For context, I am quite into linear algebra and primitive calculus, and I even implemented my own perception back then. But I feel like basic concepts slipt away from me. I'm sorry about asking somebody else explanation, but I think 3Blue1Brown videos are quite vital
I absolutely not hoping for an immediate answer. Please tell me how I need to complete my question so it would be understandable what I'm asking for, despite the chaos in my head
Edit: It still doesn't make sense to me how changing one weight that simply multiplies constant value could make the loss function wiggle differential of C by one weight
Let's call the neural network $f^{\theta}$, it takes an input $x$ (such as an image) from some space $\mathcal X$ and returns an output $y$ (such as "cat" or "dog") from some space $\mathcal Y$. $\theta$ denotes the parameters of the neural network, such as for instance the weights of a Perceptron.

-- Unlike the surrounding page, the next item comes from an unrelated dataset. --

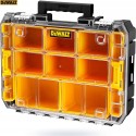 Skrzynia DeWalt z przezroczystą pokrywą i organizerami (2 duże i 5 małych) służy do przechowywania akcesoriów i innych drobnych materiałów. Specjalna konstrukcja sprawia, że samoistne przemieszczenie organizerów staje się niemożliwe. Amerykański producent zadbał o funkcjonalność swojego produktu, stąd zainstalowanie specjalnych zaczepów, pozwalających na modułowe łączenie ze sobą skrzyń typu TSTAK.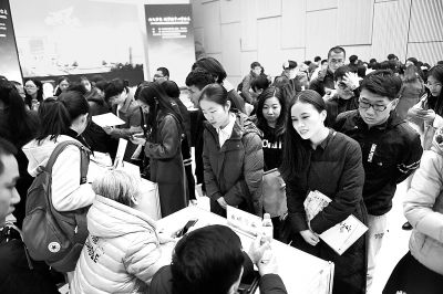 2019年北京市通州區(qū)走進(jìn)高校英才選聘活動在清華大學(xué)舉行,參加選聘會的學(xué)生爭相投遞簡歷,與用人單位交流。本報(bào)記者和冠欣 攝

In supervised learning you have a training data set $(x_1,y_1),\dots, (x_n, y_n)$ for some $n\in\mathbb N$. You also have some loss function $\mathcal L:\mathcal Y^2\to\mathbb R$ that judges how good your output is. (In a simple linear regression task, one might for instance choose $\mathcal Y=\mathbb R$ and $\mathcal L:\mathbb R^2\to\mathbb R$, $\mathcal L(a,b)=(a-b)^2$ (cf. Gauss-Markov Theorem).)
Your goal is to minimize over $\theta$ the sum
$$\sum_{k=1}^n \mathcal L(x_k, f^\theta(x_k)).$$
Note that this sum is usually highly non-linear in $\theta$, even if each $f^\theta$ is linear in the $x_k$, simply because the training data itself may have (and often does have) a complicated, non-linear structure.
Furthermore, neural networks are usually able to approximate also highly non-linear functions, in fact, by the Universal approximation Theorem, any continuous function on a compact set can be approximated uniformly to arbitrary precision by a sufficiently wide neural network.